Denotes Open Access content.

Corresponding author address: Chiara Piccolo, Met Office, Fitzroy Road, Exeter EX1 3PB, United Kingdom. E-mail: chiara.piccolo@metoffice.gov.uk

1. Introduction

Stochastic data assimilation methods, such as that described by Evensen and van Leeuwen (2000), have the benefit that they naturally provide an estimate of analysis uncertainty that is consistent with model uncertainty. This is achieved by representing the model uncertainty by a stochastic forcing term and then running an ensemble smoother in which the observation uncertainty is represented by using perturbed observations. If the analysis update is performed using the Kalman gain formula, then the ensemble, if large enough, will correctly represent the evolution of the forecast error covariance in a linear system with Gaussian errors (Burgers et al. 1998). This includes the case where the analysis updates are performed variationally—for instance, the ECMWF ensemble data assimilation system (Isaksen et al. 2011). The utility of ensemble methods in estimating forecast error covariances is demonstrated by Buehner et al. (2010).

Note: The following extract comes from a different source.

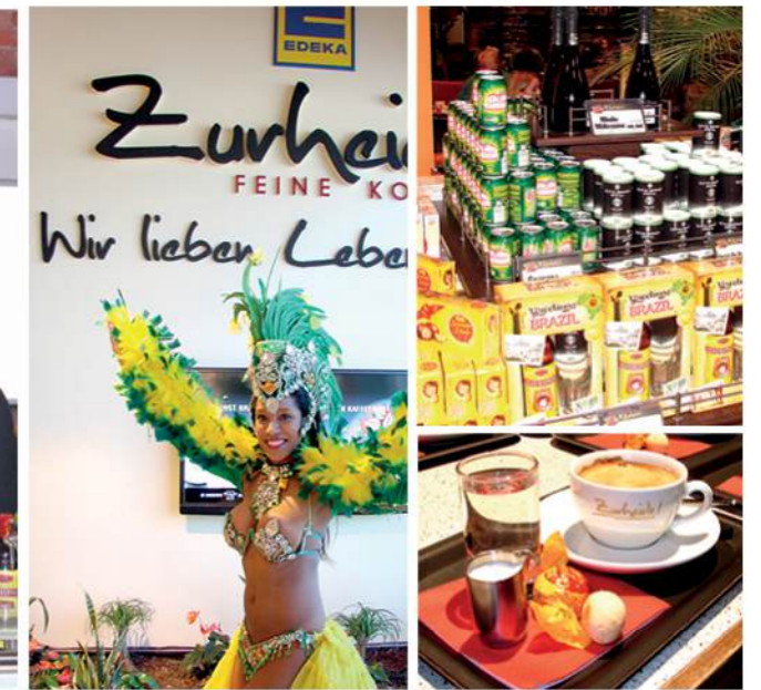
EDEKA ZURHEIDE DÜSSELDORF

To make such systems work, it is essential that the ensembles are reliable. In particular, the true state should be statistically indistinguishable from a random member of the prior ensemble. If this condition is met and the analysis update is performed using the Kalman gain formula, the dynamics is linear, and the errors are Gaussian, then the truth will also be statistically indistinguishable from a random member of the analysis ensemble (Burgers et al. 1998). However, if the model is imperfect, such a prior ensemble can only be constructed if the statistics of the model error are known. If so, and the model is forced by perturbations drawn from a population with these model error statistics, the truth trajectory will be statistically indistinguishable from a randomly chosen trajectory of the forced model ensemble.

Most model error comes from the limited resolution of computer models, which can only represent a small fraction of the observed scales of variability of the atmosphere. Further contributions come from the many physical effects that cannot be described by partial differential equations, whether deterministic or stochastic. The practical success of numerical prediction is measured by comparison with observations, and it is natural to use observations to estimate the model error. As also noted by Todling (2015), the statistics of the model error can only be estimated under a stationarity assumption because the observations only represent a single realization of the truth. Data assimilation techniques are a natural way to estimate model error from observations because they allow for observation error in a systematic way and produce estimates in model space, as in Trémolet (2007). In particular, by using Trémolet weak-constraint formulation, it is possible to estimate a forcing term that represents the model error. However, as noted above and also pointed out by Todling (2015), data assimilation can only be performed if there is prior knowledge of the model error statistics. We therefore carry out a prior data assimilation cycle and calculate the statistics of the analysis increments assuming stationarity. If the actual analysis increments can be regarded as a random draw from a population with these stationary statistics of analysis increments, then the analyzed trajectory will be statistically indistinguishable from a trajectory of the model forced with randomly chosen increments from this population. If the analysis trajectory can be regarded as a reasonable proxy for the truth trajectory, then these stationary statistics of analysis increments will provide an accurate estimate of the model error covariance.

The more common approach for representing model error is to use physically based methods to construct model error forcing terms that are state dependent. The latter approaches include, for example, introducing a stochastic element into atmospheric models by randomly perturbing increments or tendencies from parameterization schemes (e.g., Palmer et al. 2009; Tennant et al. 2011) or seeking a stochastic formulation of the parameterization schemes (e.g., Palmer 2001). The limitation of this approach is that it is usually empirical and, ideally, should be calibrated using data assimilation techniques such as those we describe. However, this calibration can only be performed in a climatological sense for the same reasons as above. Stochastic physics approaches are normally used in ensemble forecasts rather than ensemble data assimilation algorithms. In the latter case, it is more usual to use ad hoc inflation methods, such as those described by Whitaker and Hamill (2012).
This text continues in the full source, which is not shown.